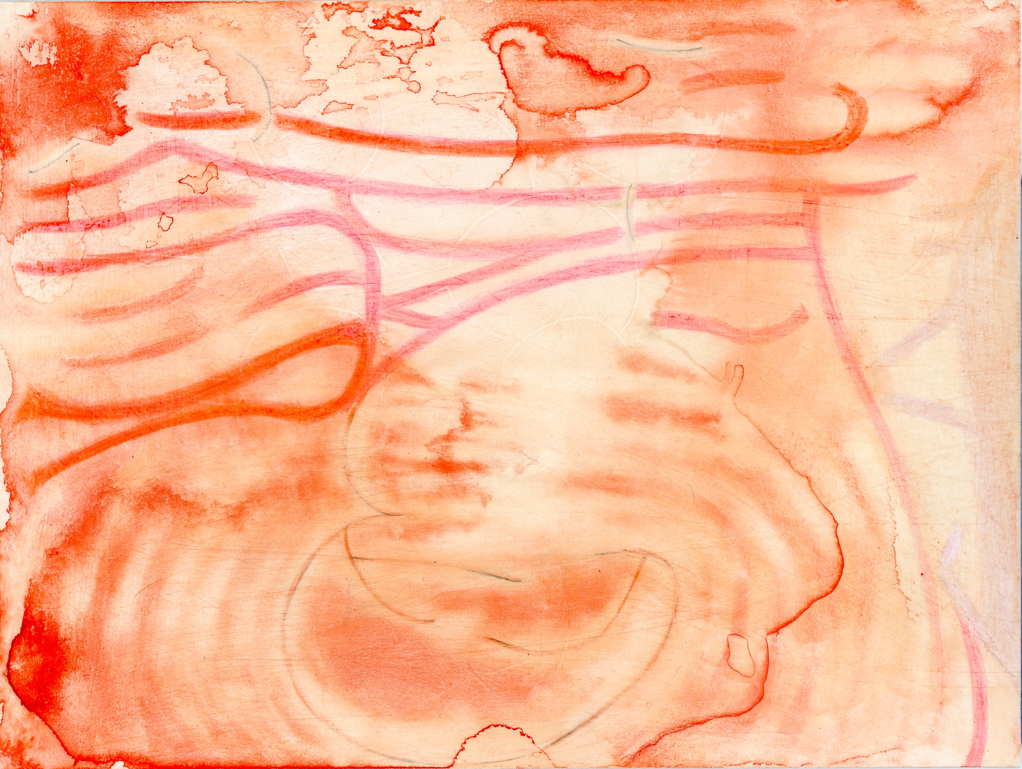 watercolor, colored pencil, and pencil on plastic, 4.5” x 6”
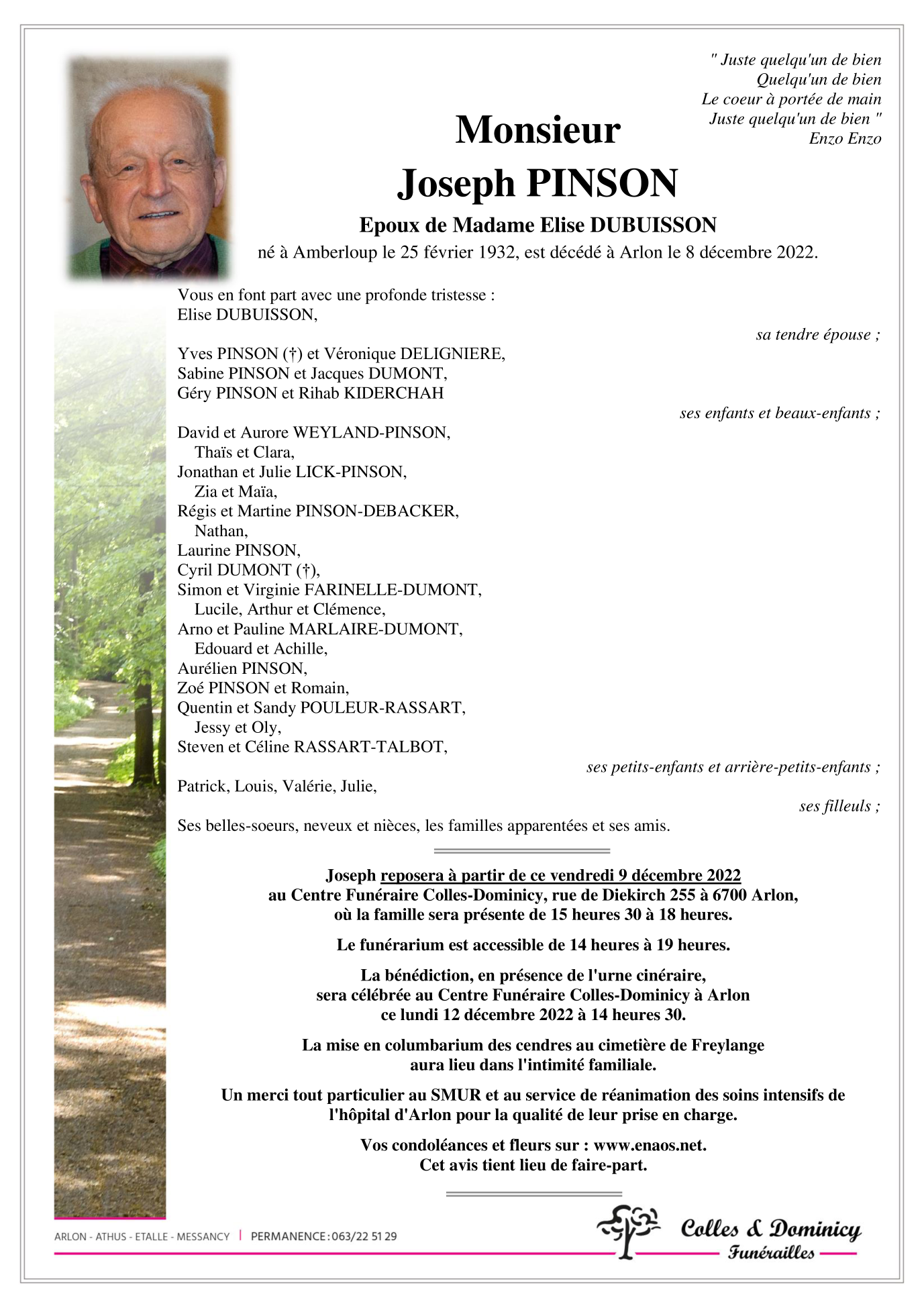 Décédé à Arlon (6700) le jeudi 8 décembre 2022 à l'âge de 90 ans
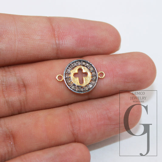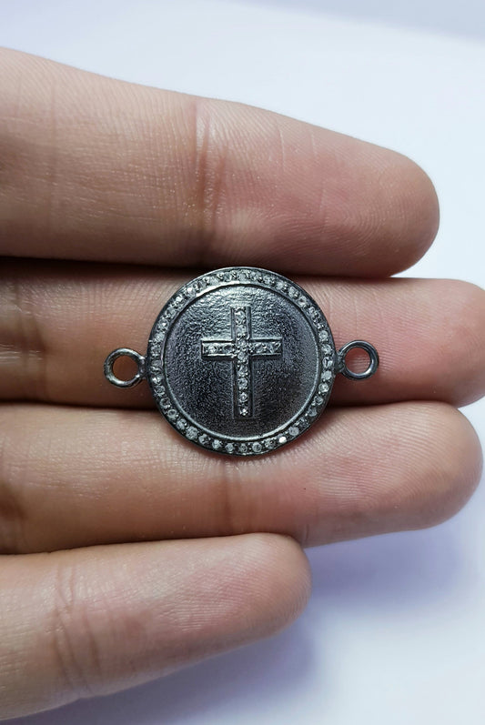 Cross Design Rosecut Pave Diamond Bracelet Connector 925 Sterling Silver Handmade Finish Beautiful Coin Shaped Diamond Connector Jewelry
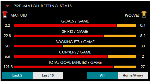 To see all the Man Utd v Wolves betting stats and form, visit our pricing page to view our Pre-Match betting stats table or hover over/tap the chart image to see previous outcomes for that particular market.
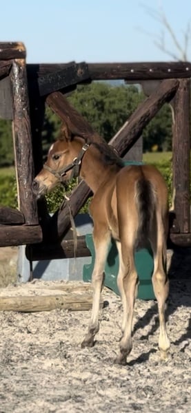Bélgica – Criadero familiar Disponible en destete en noviembre de 2025: Potra fruto de un cruce excepcional --> Comilfo Plus x Corland x Heartbreaker Ofrecemos una hermosa potra nacida en abril de 2025, en un entorno sereno y respetuoso con el desarrollo del joven caballo. Es el resultado de un cruce meditado entre rendimiento, mentalidad y modernidad. Orígenes prestigiosos: • Comilfo Plus Z – uno de los hijos más destacados de Comme Il Faut, reconocido por transmitir flexibilidad, respeto y un estilo moderno en el salto. • Corland – un pilar de la raza, padre de numerosos ganadores internacionales en CSI. • Heartbreaker – una verdadera leyenda del salto, famoso por su fortaleza mental, su reactividad y su capacidad para transmitir el deseo de saltar. Esta potra es una oportunidad rara de adquirir una descendiente directa de tres linajes que han marcado la historia del salto internacional. Combina un modelo armonioso, una hermosa locomoción y un temperamento curioso, respetuoso y cercano al ser humano. Su posible reserva será válida tras la recepción de un anticipo. Lo que garantizamos: • Nacida y criada en nuestro criadero, en un entorno sano y seguro. • Manipulada desde el nacimiento, acostumbrada al contacto humano y a los cuidados habituales. • Se venderá con todo en orden: microchip, pasaporte Z, desparasitaciones, recortes de pezuñas y vacunaciones al día. • Estará inscrita en un libro de cría reconocido y lista para avanzar serenamente hacia una carrera deportiva o de cría. • Posibilidad de dejarla en nuestros prados (14 hectáreas) con su grupo de amigos (contáctenos para las condiciones). ✨ Una potra ideal para un aficionado informado, un criador exigente o un profesional en busca de jóvenes caballos con potencial. Su pedigree, su calidad de movimiento y su mentalidad son promesas para el futuro. Más información, videos y visitas a pedido (MP o WhatsApp). Transporte posible a cualquier parte de Europa.
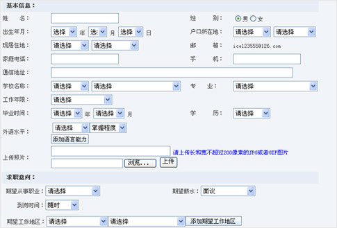 用戶在線按模板填寫個人簡歷,此外可將個人簡歷以附件形式上傳,附件支持格式為DOC、PDF或圖片 文件。
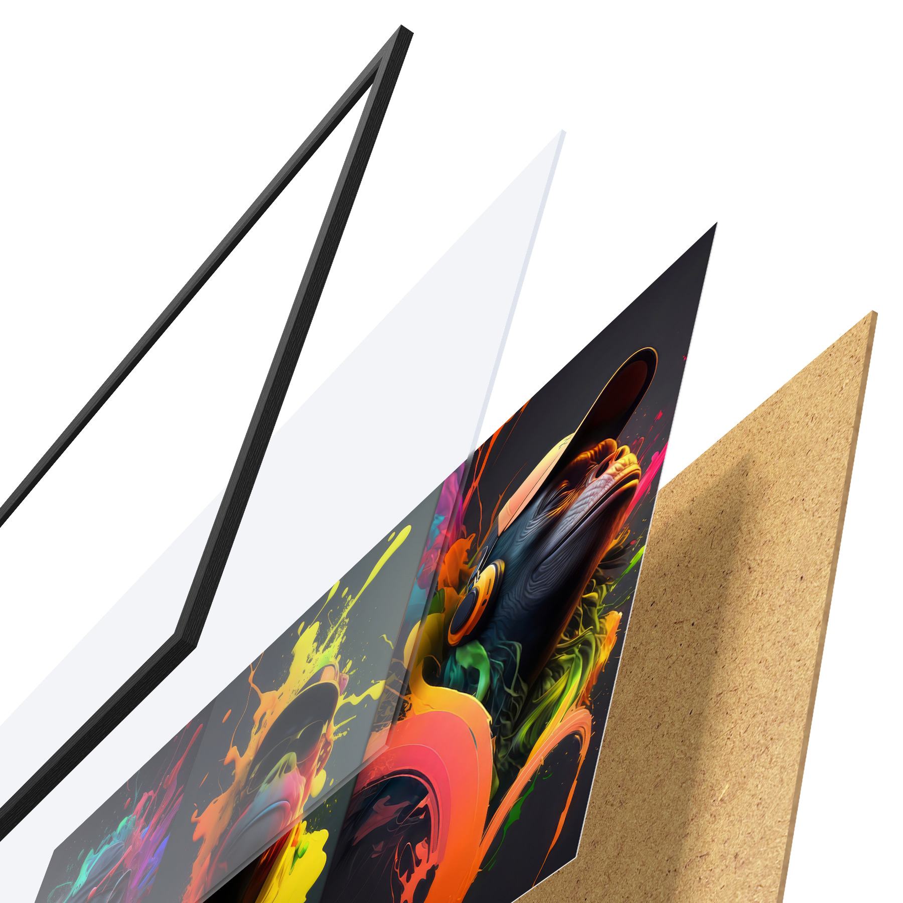 Plakatą sudaro rėmas, pleksiklas, atspausdintas vaizdas ir medžio drožlių plokštės pagrindas. Plakatą galima iš karto pakabinti ant sienos dėl kitoje pusėje esančių laikiklių.
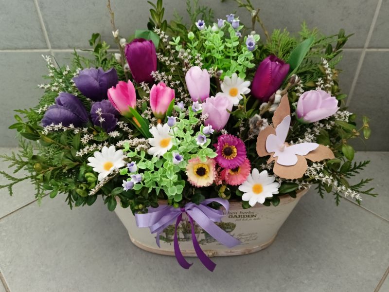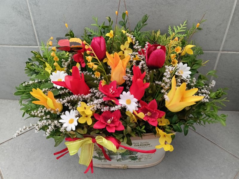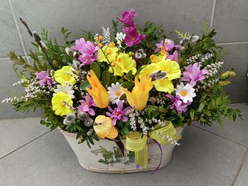 Velikonoční truhlík, vyplněný florexem, doplněný thujkami a buxusem,různá provedení dle dostupnosti materiálu.
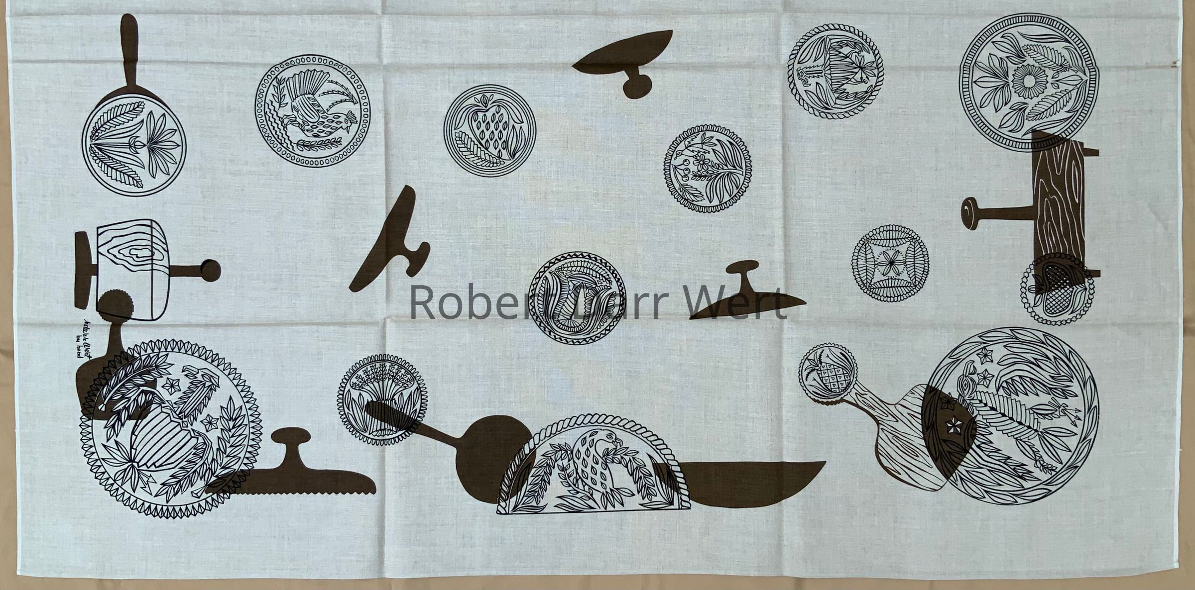 A two-color silkscreen print on natural linen depicting carved wood buttermolds and butter making tools. Symbols of freedom and abundance are illustrated in the carved imagery, including eagles, chickens, fruit and flowers.
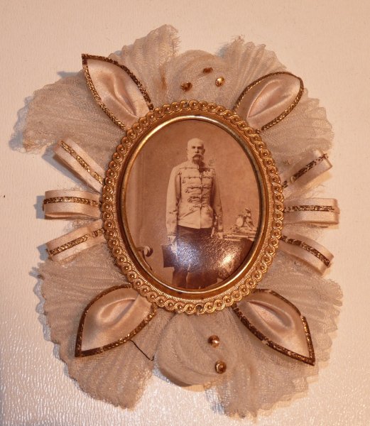Dekorační ozdoba na šerpu s portrétem císaře Františka Josefa
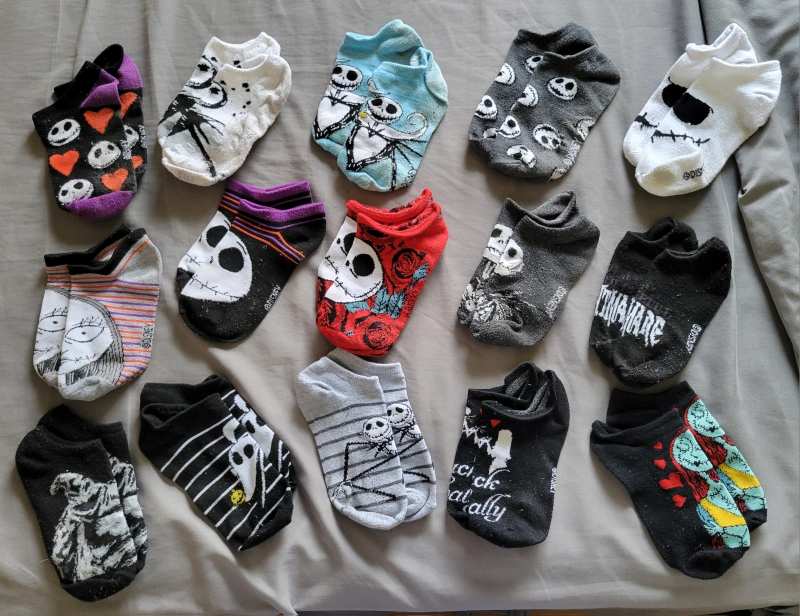 A collection of Nightmare Before Christmas socks! There are various designs and colours. All in good condition, perfect for any fan of the movie!
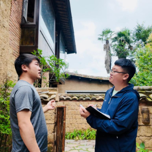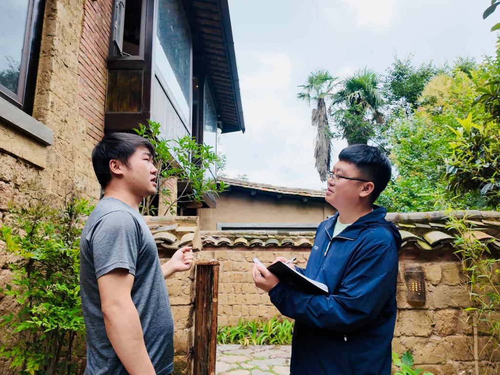 谭蒋峻(右)正在了解马过河镇民宿建设情况。新华社记者熊轩昂 摄
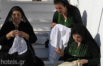 Donne sedute davanti casa con l’uncinetto in mano a preparare il corredo per le proprie figlie.
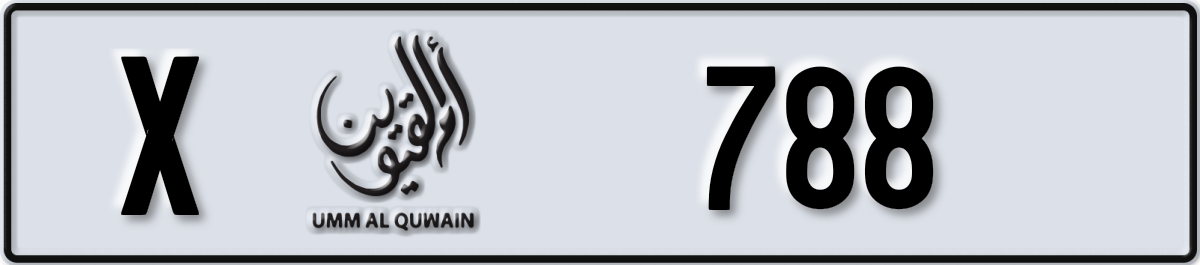 Umm Al-Quwain plate number X 788 listed on PL8. Status: sold.
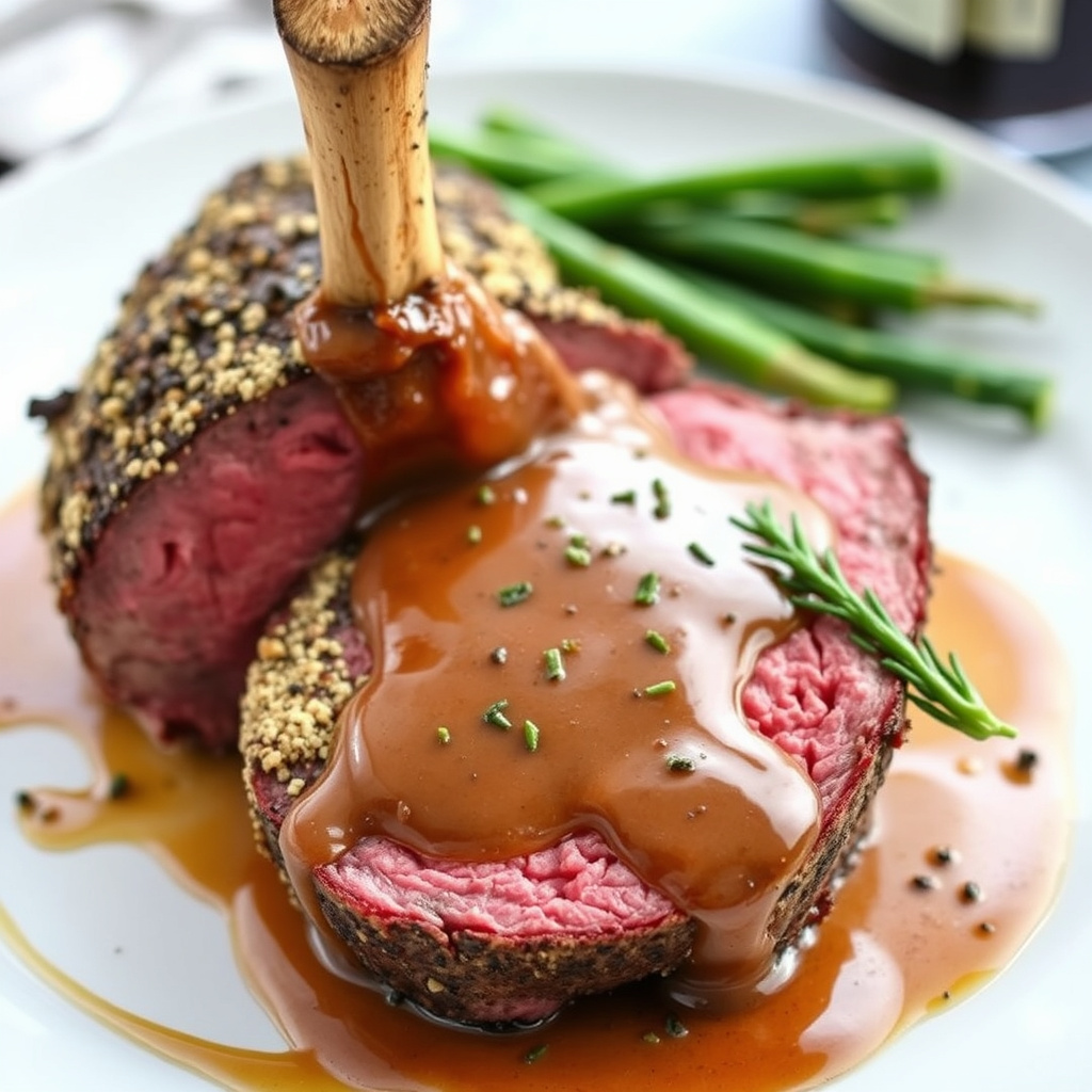 Lær å lage en saftig prime rib med en krydret horseradish- og peppercornsauce. Perfekt for spesielle anledninger og helgefeiring.

-.-.-

• _EXERCISE AIM_:
Repeat the listing above up to and including the line with "To see all the", starting from its first line. Drop any pictures.

• _ANSWER SECTION_:
 watercolor, colored pencil, and pencil on plastic, 4.5” x 6”
 Décédé à Arlon (6700) le jeudi 8 décembre 2022 à l'âge de 90 ans
 Cross Design Rosecut Pave Diamond Bracelet Connector 925 Sterling Silver Handmade Finish Beautiful Coin Shaped Diamond Connector Jewelry
 To see all the Man Utd v Wolves betting stats and form, visit our pricing page to view our Pre-Match betting stats table or hover over/tap the chart image to see previous outcomes for that particular market.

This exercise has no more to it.